[Items listed in a dataset]

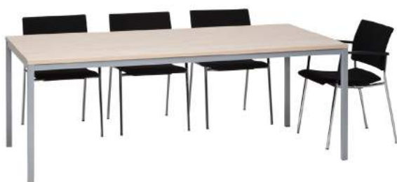
200 / 13
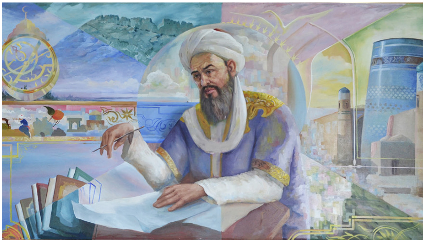
Хорезмшах Мамун II в вольном исполнении современных художников

В 1008 году размеренная жизнь Ибн Сины завершается. Это время могущественного врага Ибн Сины – султана Махмуда, выдающегося тюркского государственного деятеля и полководца при котором государство газневидов достигло расцвета. Султан Махмуд намеревался сделать столицу Газни – блестящим городом, равным Бухаре. С этой целью в город добровольно или насильно прибывали ремесленники, ученые, архитекторы.
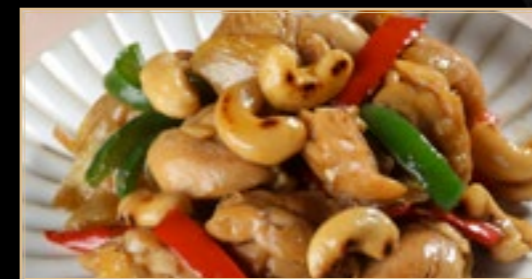
103 14.50€ Poulet Aux Noix De Cajou
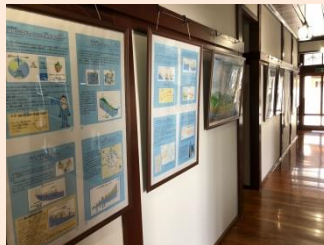
地下水に関する研究成果や保全活動をパネルで紹介しています。
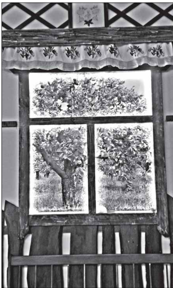
Яблоко как свет в окошке
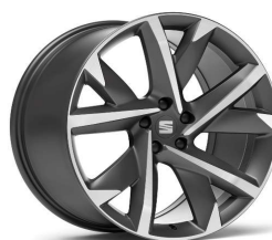
SUPREME 20" 37/3 pneumatik 255/40
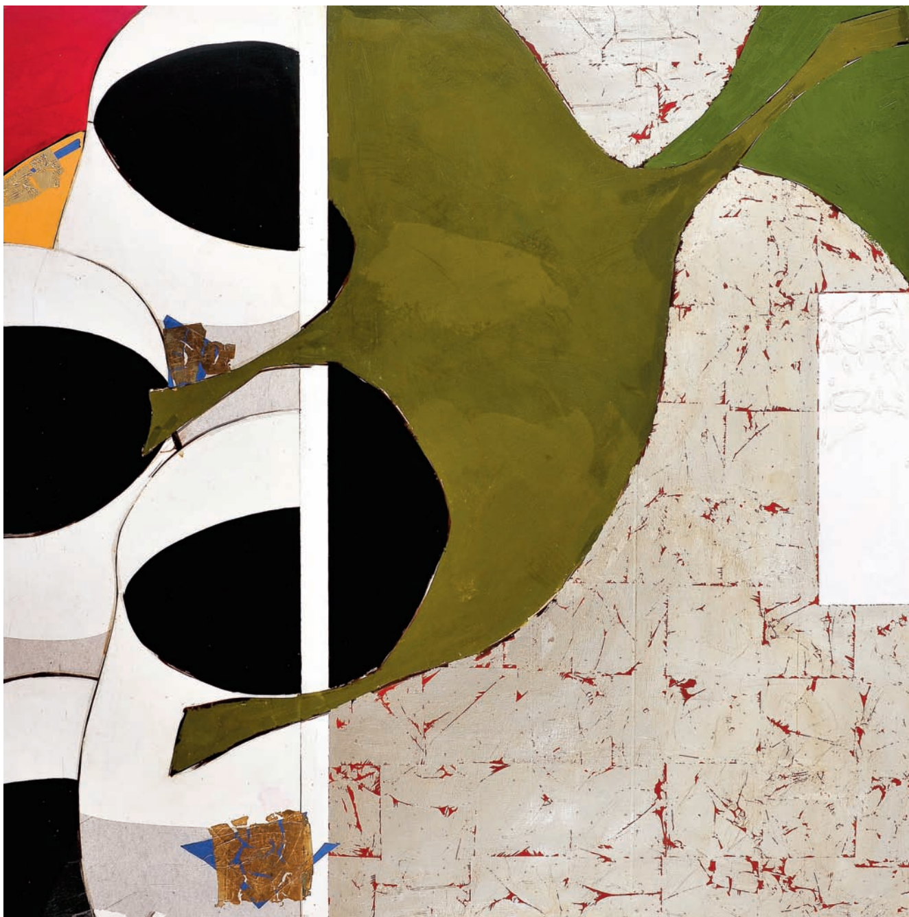
T de Tasse VI Technique mixte sur bois, 150 x 150 cm 2008
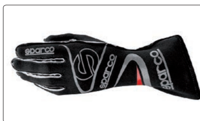
ARROW KG-7 > PAGE 259
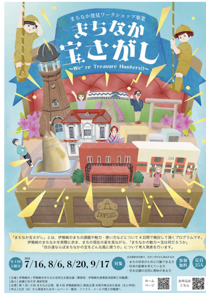
ワークショップ用チラシ (2022年)

_EXERCISE OBJECTIVE_. Please print an exact copy of the records, with no pictures.

_OUTPUT OF THE EXERCISE_.
200 / 13
Хорезмшах Мамун II в вольном исполнении современных художников

В 1008 году размеренная жизнь Ибн Сины завершается. Это время могущественного врага Ибн Сины – султана Махмуда, выдающегося тюркского государственного деятеля и полководца при котором государство газневидов достигло расцвета. Султан Махмуд намеревался сделать столицу Газни – блестящим городом, равным Бухаре. С этой целью в город добровольно или насильно прибывали ремесленники, ученые, архитекторы.
103 14.50€ Poulet Aux Noix De Cajou
地下水に関する研究成果や保全活動をパネルで紹介しています。
Яблоко как свет в окошке
SUPREME 20" 37/3 pneumatik 255/40
T de Tasse VI Technique mixte sur bois, 150 x 150 cm 2008
ARROW KG-7 > PAGE 259
ワークショップ用チラシ (2022年)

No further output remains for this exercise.